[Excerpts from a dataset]
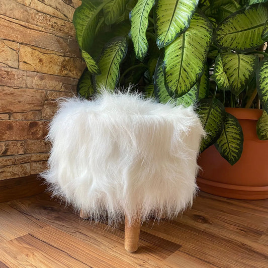 Avioni Home Luxury Collection – Padded Stool / Ottoman (3 Legs With Natural Finish) – Long White Fur
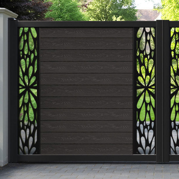 Classic Blossom Straight Top Driveway Gate Dark Oak - Middle & End Screen
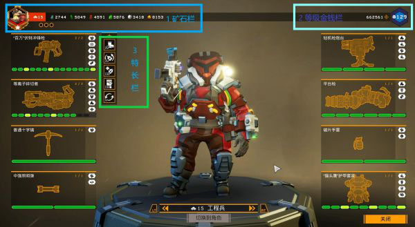 1、打开角色装备:可以看到上面的矿石栏,上面显示的是你现在拥有的矿石(矿石用于升级装备和购买外观),如果你升级装备缺少某些矿石的时候,你可以在以前介绍的矿石购买机器上面购买(当然不建议这样做)。现在你可以在任务机器上面看到你现在能进入的地图(地图全部开放的,只是任务开放部分),在地图上面可以看到盛产矿石,这样针对去进行任务。
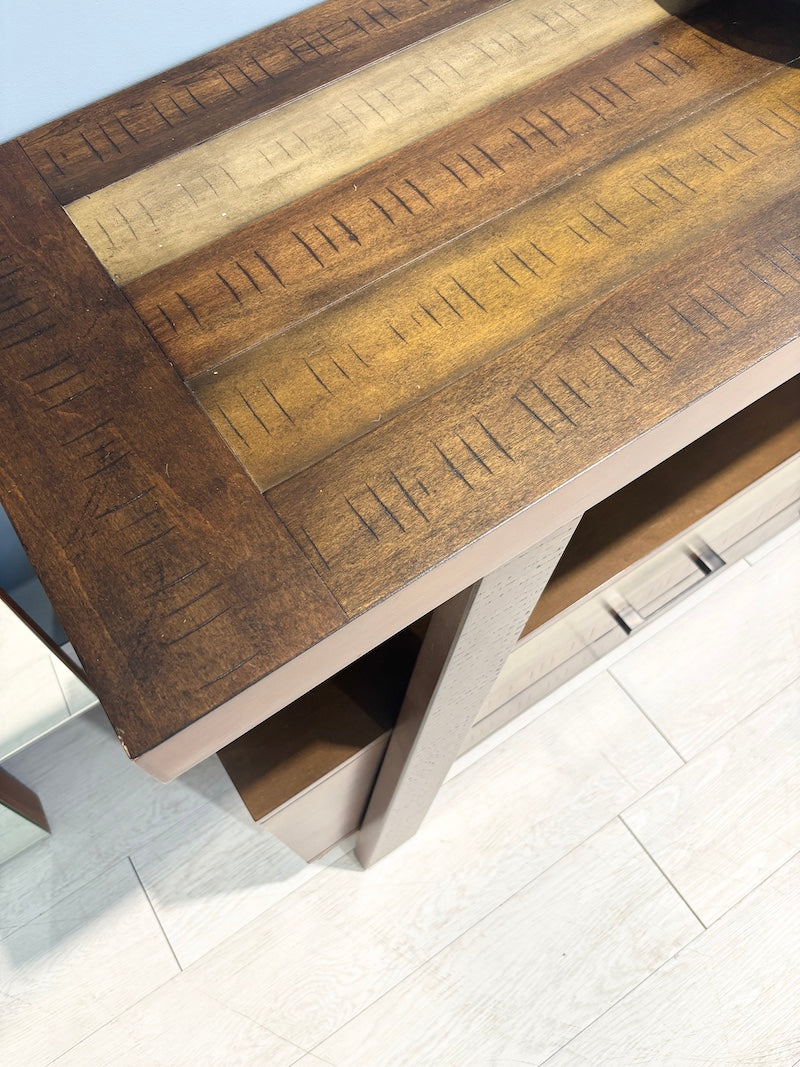 This sturdy wooden wonder works triple duty—display your telly, stash your stuff, or style your entryway. Two generous drawers tuck away the clutter while the open shelf keeps your favorite pieces on show. Those cheeky angled legs give it character that straight-edged furniture could only dream of.
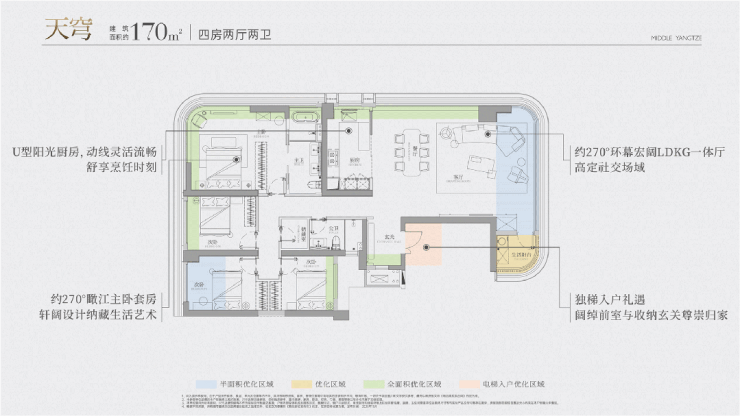 改善主力:170-180㎡户型,全明设计+超大观景窗,最大化延伸观江视野,每一个空间都能拥抱江景,满足高端改善的极致追求。
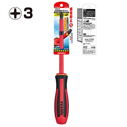 ベッセル(VESSEL)メガドラ 絶縁ドライバー +3×150 感電防止対策 VDE規格認証済 No.960
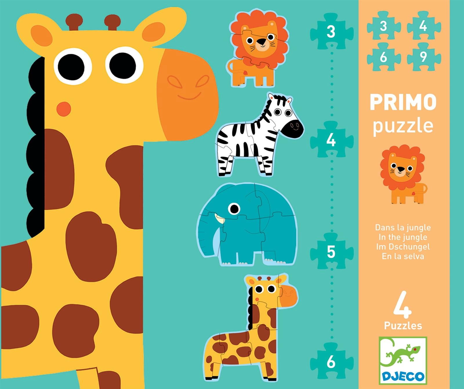 Puzzle firmy Djeco zaadresowane dla dzieci od 2 roku życia. Puzzle dają możliwość ułożenia 4 zwierzątek. Każde kolejne zwierzątko to wyższy stopień trudności (więcej elementów). Puzzle zawierają 18 elementów. Zwierzątka można ułozyć w wieżę o wysokości 70,9cm
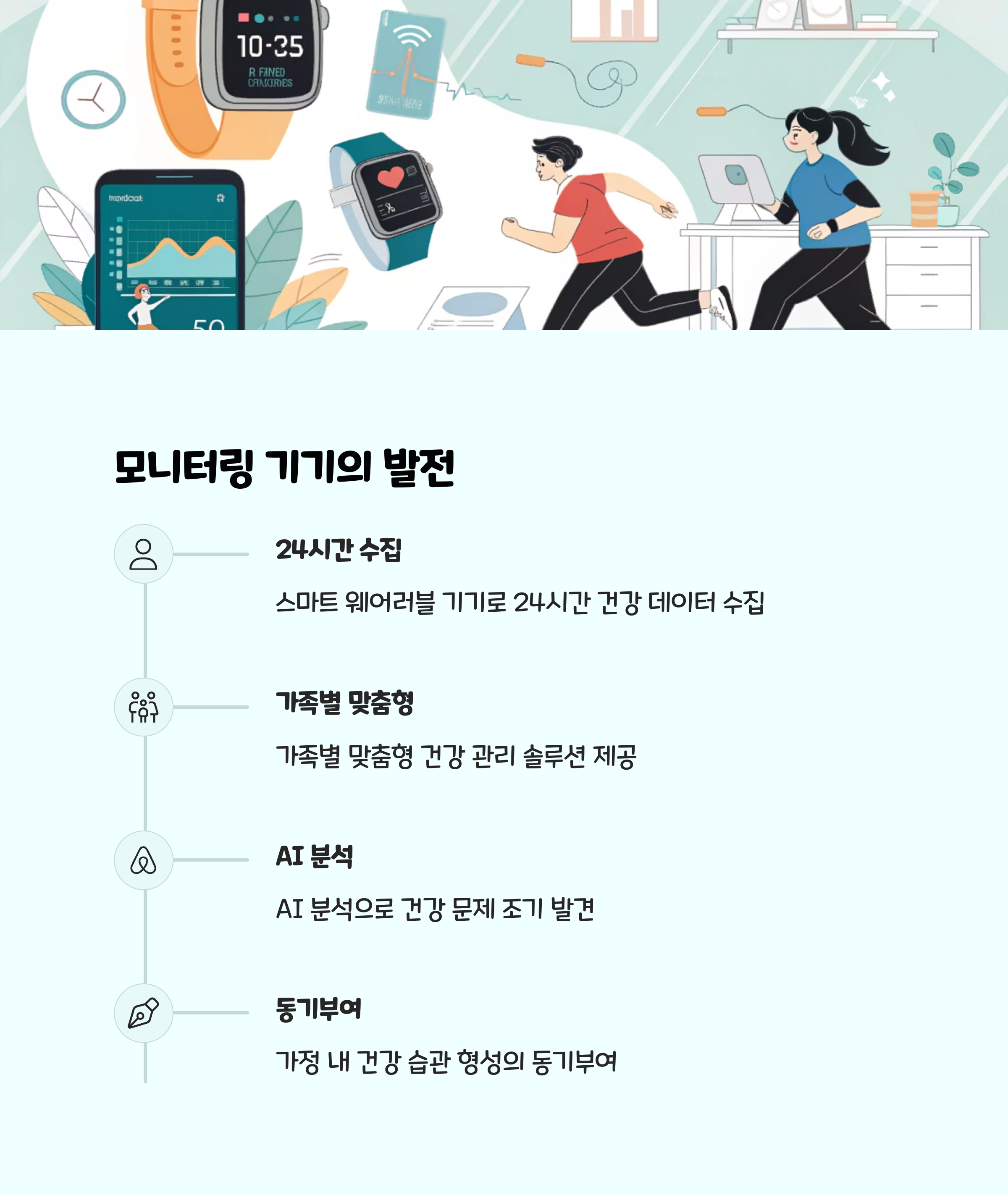 - 스마트 체중계, 혈압계 등 헬스케어 기기는 가족 각자의 건강 데이터를 손쉽게 기록·관리할 수 있습니다.

- _Your task_
Leaving out each picture, repeat exactly the lines above from the one that contains "Classic Blossom Straight" through the one that contains "ベッセル(VESSEL)メガドラ 絶縁ドライバー +3×150".

- _Exercise solution_
 Classic Blossom Straight Top Driveway Gate Dark Oak - Middle & End Screen
 1、打开角色装备:可以看到上面的矿石栏,上面显示的是你现在拥有的矿石(矿石用于升级装备和购买外观),如果你升级装备缺少某些矿石的时候,你可以在以前介绍的矿石购买机器上面购买(当然不建议这样做)。现在你可以在任务机器上面看到你现在能进入的地图(地图全部开放的,只是任务开放部分),在地图上面可以看到盛产矿石,这样针对去进行任务。
 This sturdy wooden wonder works triple duty—display your telly, stash your stuff, or style your entryway. Two generous drawers tuck away the clutter while the open shelf keeps your favorite pieces on show. Those cheeky angled legs give it character that straight-edged furniture could only dream of.
 改善主力:170-180㎡户型,全明设计+超大观景窗,最大化延伸观江视野,每一个空间都能拥抱江景,满足高端改善的极致追求。
 ベッセル(VESSEL)メガドラ 絶縁ドライバー +3×150 感電防止対策 VDE規格認証済 No.960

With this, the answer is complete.